Oby im wody nie zabrakło.
Panie OBYWATELU,ma pan racje ,ze chodzi o pieniądze ,ale w postaci obniżenia cen za wodę i ścieki,a jeszcze dalej za odpady komunalne (patrz wywiad z p.Burmistrzem). Burmistrz,nie zamierza sprywatyzować spółek komunalnych ,tylko ich połączyć i tym zmniejszyć koszty działania ,co obróci się na obniżenie cen.Dlaczego spółkę MPGK nie można przenieść na teren zlewni ścieków? Tym sposobem można załatwić 2 sprawy ,przeniesienie ( bo i tak gdzieś musi funkcjonować) jak i obniżenie kosztów (jedna rada n , jeden prezes).

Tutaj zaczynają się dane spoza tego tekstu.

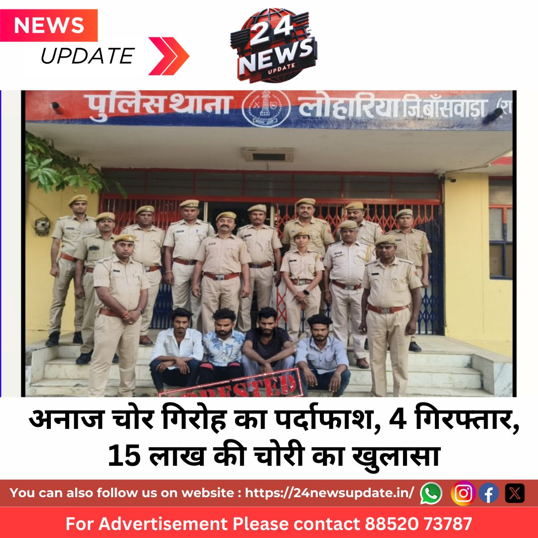 24 News Update बांसवाड़ा। लोहारिया थाना पुलिस ने गोदामों से अनाज और कीमती सामान चुराने वाले एक शातिर गिरोह का पर्दाफाश करते हुए चार अभियुक्तों को गिरफ्तार किया है। इन चोरों ने पिछले कुछ महीनों में कई वारदातों को अंजाम देकर लाखों रुपये का माल उड़ाया था।
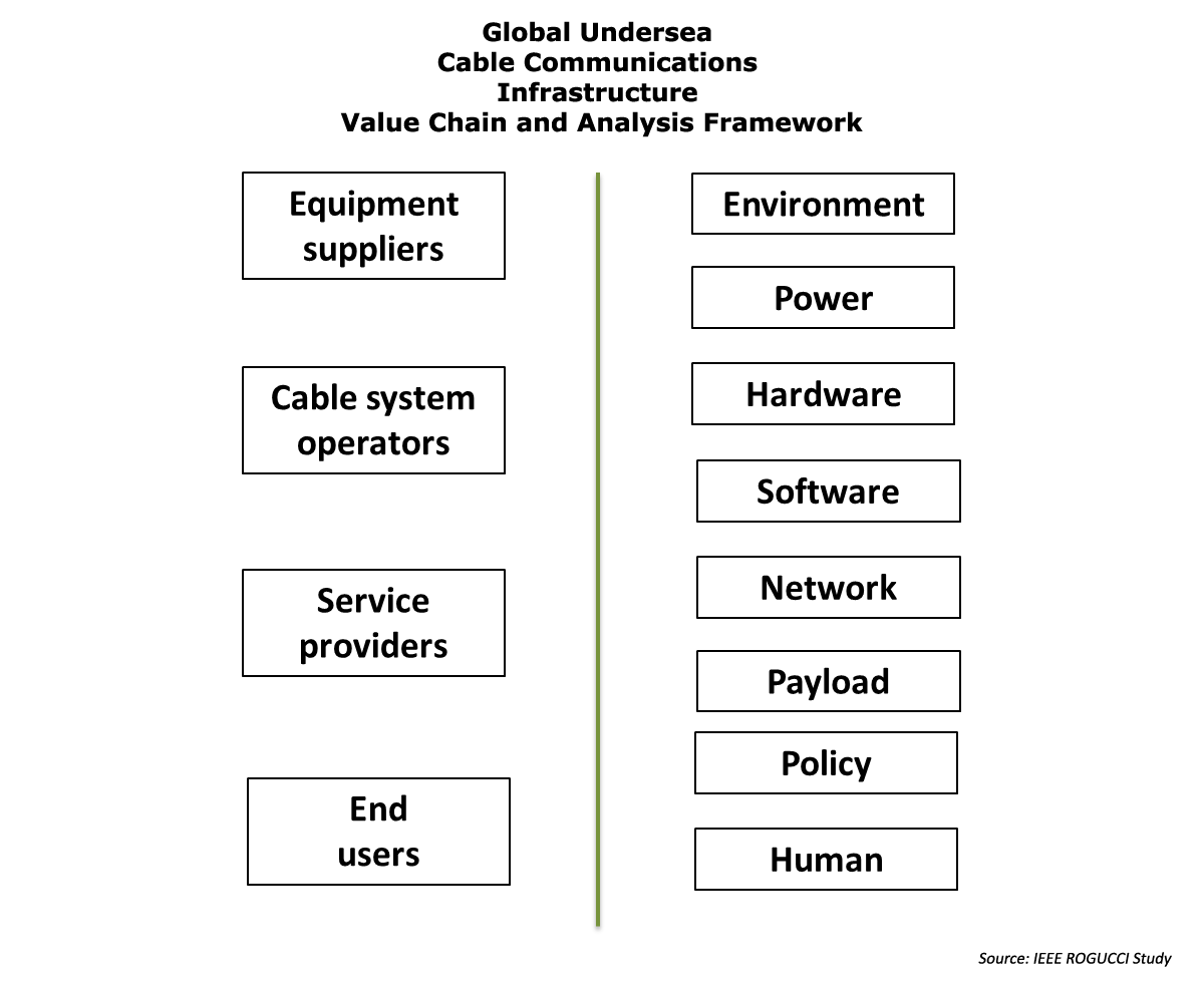 African governments are seeking for international laws and frameworks to be strengthened to protect undersea cables.[6],[7] The near total dependence on undersea cable for transferring high speed data has made the global undersea cable communications infrastructure (GUCCI) strategically important. It has also made it vulnerable to interruptions caused by cuts – accidental or otherwise.[8],[9],[10] Fixing undersea cables is an expensive and often arduous proposition. And in a highly politicised geopolitical environment the security imperative for global undersea cables has become exigent.[11],[12],[13]
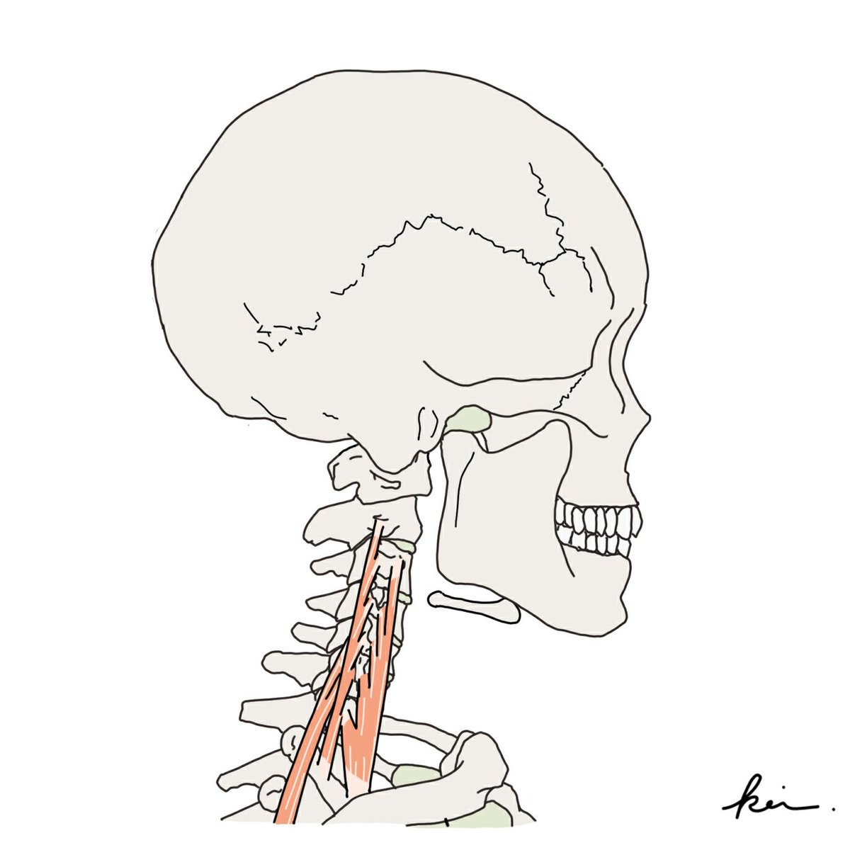 【後頭下筋群】 ・大後頭直筋 ・小後頭直筋 ・上頭斜筋 ・下頭斜筋 この4つの筋は起始が環椎や軸椎、停止の多くが後頭骨に付着しているので、頭部の伸展に関与します #アナトミーイラスト twitter.com/resol_koki/sta…
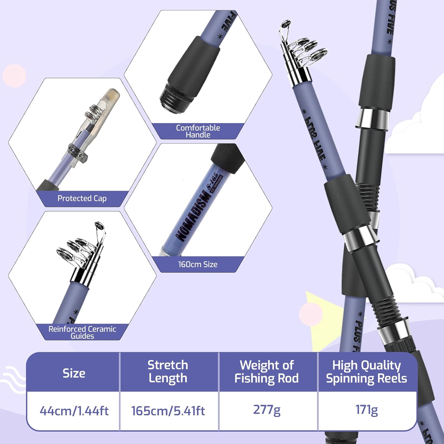 - 🎣 【 Portable and Easy to Carry 】 Kids Fishing Rod features a collapsible design, Telescoping fishing rods are portable, convenient, and easy-to-carry, fits in the car trunk, boat, or backpack. You can take this travel fishing rod and enjoy fishing whenever and wherever you want. Multiple-function collapsible fishing rod for kids, teens, adults, hiking, backpacking, or traveling
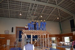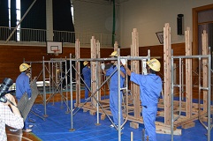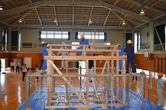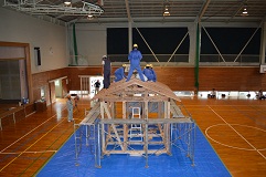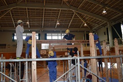 足場を組み立て、木材部品の各パーツを組み合わせる作業を行い、電気配線も実際に行うことができました。学校ではなかなかできない貴重な体験をすることができました!
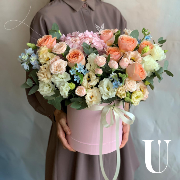 - Шляпная коробка нежно-розовая (выс. 25 см, диам. 20 см) - 1 шт
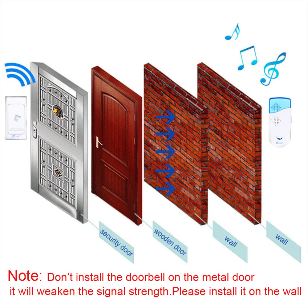 1.You can install the doorbell in kitchen, living-room, bedroom, etc.
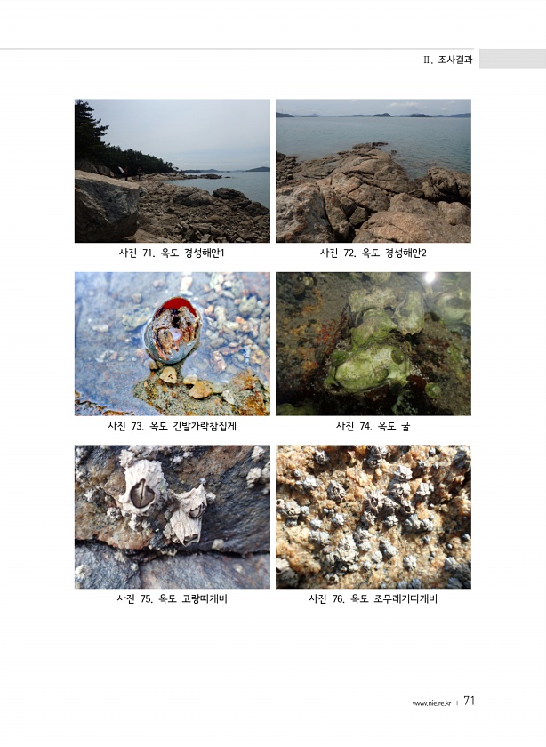 Ⅱ. 조사결과 www.nie.re.kr ? 71 사진 71. 옥도 경성해안1 사진 72. 옥도 경성해안2 사진 73. 옥도 긴발가락참집게 사진 74. 옥도 굴 사진 75. 옥도 고랑따개비 사진 76. 옥도조무래기따개비
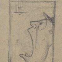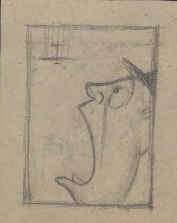 - Imagen en primer término de la cara de un hombre de perfil, donde se aprecia parte de su sombrero de ala negro con una gran boca abierta al observar como una avioneta cae en picado a lo lejos.
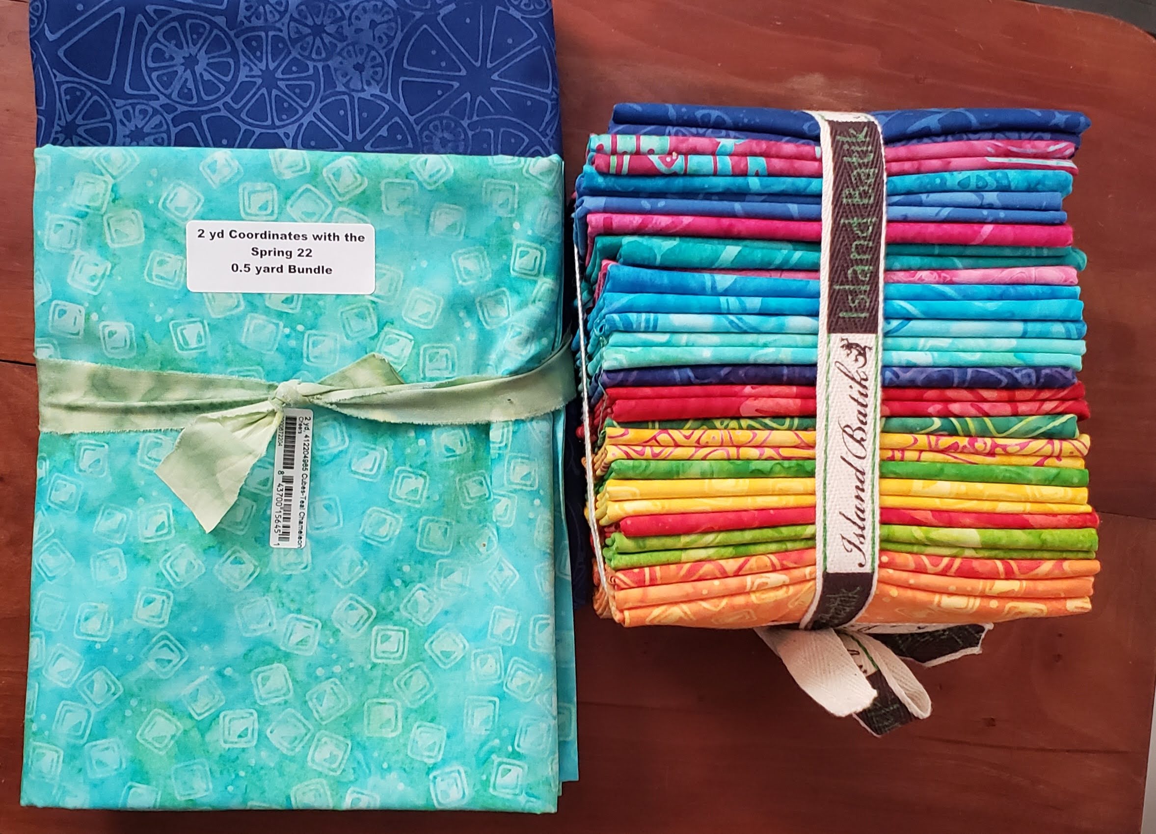 0.5 yard cut bundle of a surprise Summer 2022 collection + 4 yards of coordinating dark and light fabric

I tu są te pieniądze o których „wiadomo”i dlatego jest taki opór prezesa wodociągów.Myślę ,że Obywatelowi trochę wyjaśniłem w główce.
Ponie kolaninie jak nie wiadomo o co chodzi to chodzi o bardzo duże pieniądze jeżeli Pan Burmistrz przekaże aportem nasze spółki dotlej pseudo elektro ciepłowni dopiero będziemy płacić zawiodę i ścieki aż nam głowa spuchnie przecież to będzie prywatne bez żadnej konkurencji itym sposobem miasto pozbędzie się kontroli nad strategicznym dla obywateli majątkiem .
Ja tak patze i widze w tym wszystkim obrzydliwa polityke .
Moim zdaniem burmistrz ma rację.Musi obniżyć cenę wody i ścieków.To nie powinien być towar ,na którym sie zarabia.A dlaczego woda nie powinna być za darmo?Może wystarczyłyby zarobki za ścieki…?Przecież nie żyjemy na pustyni.Widziałem tych pracowników ,przyjechało 6 ludzi ,żeby spuścić wodę z końcówki na jednej z ulic Kola .Patrzy takich sześciu chłopa ,jak woda leci na błonia,ale żeby przy okazji wlewać ja do studzienki kanalizacyjnej i przepłukać ,to już im się nie chce.Za dobrze maja .Panie Burmistrzu ,Kolanie są po Pana stronie.Wygra Pan.